Par un mémoire en défense, enregistré le 21 octobre 2025, la préfète du Rhône conclut au non-lieu à statuer sur les conclusions aux fins d’annulation et d’injonction sous astreinte de la requête et au rejet des conclusions présentées au titre des frais liés au litige.
Elle fait valoir qu’elle a décidé, le 20 octobre 2025, de délivrer à Mme A... B... une carte de séjour temporaire d’un an portant la mention « vie privée et familiale ».
Mme A... B... a été admise au bénéfice de l’aide juridictionnelle totale par une décision du bureau d’aide juridictionnelle du 13 décembre 2024.
Vu les autres pièces du dossier.
Vu :
- le code de l’entrée et du séjour des étrangers et du droit d’asile ;
- la loi n° 91-647 du 10 juillet 1991 ;
- le code de justice administrative.
Considérant ce qui suit :
1. Aux termes de l’article R. 222-1 du code de justice administrative : « (…) les présidents de formation de jugement des tribunaux (…) 3° Constater qu'il n'y a pas lieu de statuer sur une requête ; (…) 5° Statuer sur les requêtes qui ne présentent plus à juger de questions autres que la condamnation prévue à l'article L. 761-1 ou la charge des dépens ; (…) ».
2. Par une décision du 20 octobre 2025, postérieure à l’introduction de la requête, la préfète du Rhône a délivré à Mme A... B... une carte de séjour temporaire portant la mention « vie privée et familiale ». Il s’ensuit que sont devenues sans objet les conclusions de Mme A... B... à fin d’annulation ainsi que celles à fin d’injonction sous astreinte.
3. Mme A... B... a obtenu le bénéfice de l’aide juridictionnelle totale. Par suite, son avocate peut se prévaloir des dispositions des articles L. 761-1 du code de justice administrative et 37 de la loi du 10 juillet 1991. Il y a lieu, dans les circonstances de l’espèce, sous réserve que Me Rodrigues renonce à percevoir la somme correspondant à la part contributive de l’Etat, de mettre à la charge de l’Etat une somme de 1 000 euros à verser à Me Rodrigues.
O R D O N N E :
Article 1er : Il n’y a pas lieu de statuer sur les conclusions à fin d’annulation et d’injonction sous astreinte de la requête de Mme A... B....
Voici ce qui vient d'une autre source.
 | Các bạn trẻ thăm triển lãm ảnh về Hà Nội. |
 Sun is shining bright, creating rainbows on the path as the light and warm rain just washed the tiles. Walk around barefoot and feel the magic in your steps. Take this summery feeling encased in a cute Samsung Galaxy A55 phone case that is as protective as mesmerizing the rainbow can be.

Article 2 : L’Etat versera à Me Rodrigues, avocate de Mme A... B..., la somme de 1 000 euros au titre de l’article L. 761-1 du code de justice administrative et du deuxième alinéa de l’article 37 de la loi du 10 juillet 1991, sous réserve que cette avocate renonce à percevoir la somme correspondant à la part contributive de l’Etat.
Article 3 : La présente ordonnance sera notifiée à Mme C... A... B..., Me Rodrigues et à la préfète du Rhône.
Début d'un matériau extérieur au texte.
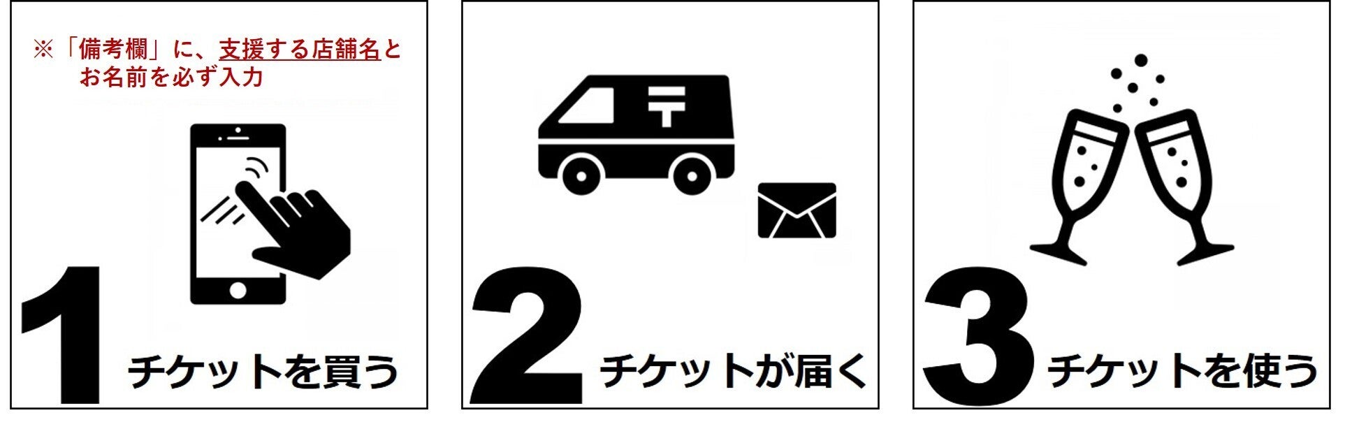 (注:数量と店舗数が異なる場合は、チケットが発送できませんのでご注意ください。その場合、支援金は備考欄に記入いただいた店舗に均等に支援させていただきます。ただし、1,000円未満の端数が生じた場合は参加店舗全体への支援として取り扱わせていただきます。)
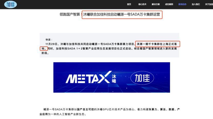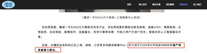 根据加佳科技官网信息,2024年11月底,沐曦股份与加佳科技共同启动了“曦源一号SADA万卡集群算力项目”。该项目第一期千卡集群已在上海正式落地,并于2025年6月完成建设。截至2025年7月,官网未提供进一步更新,尚不清楚项目是否已完全竣工或进入后续阶段。
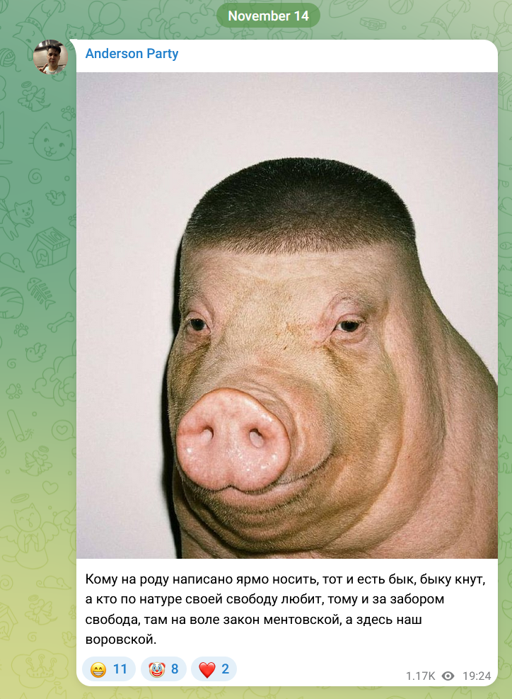 вольно такой унылый далбаёб кста пиздец был всегда и пранки его высер неоригинальный зато он так кичился постоянно и самоотсосом занимался топа он звезда большого театра нахуй вот у валакас с пеной смешные пранки были в отличии от это жырной свиноты бездарной тупорылой сука
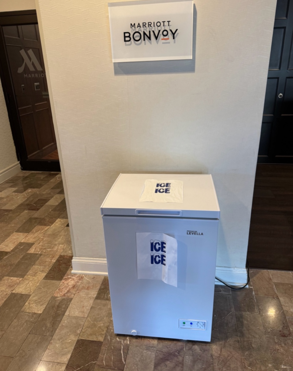 First, due to ongoing hotel renovations, the ice machines are not currently working. The hotel is proving bags of ice from the cooler located between the hotel main entrance and the lobby front desk. Please see photo of the freezer:

Fait à Lyon, le 12 novembre 2025
Le président de la 6ème chambre,
F.-X. Pin
La République mande et ordonne à la préfète du Rhône en ce qui la concerne ou à tous commissaires de justice à ce requis en ce qui concerne les voies de droit commun contre les parties privées, de pourvoir à l’exécution de la présente décision.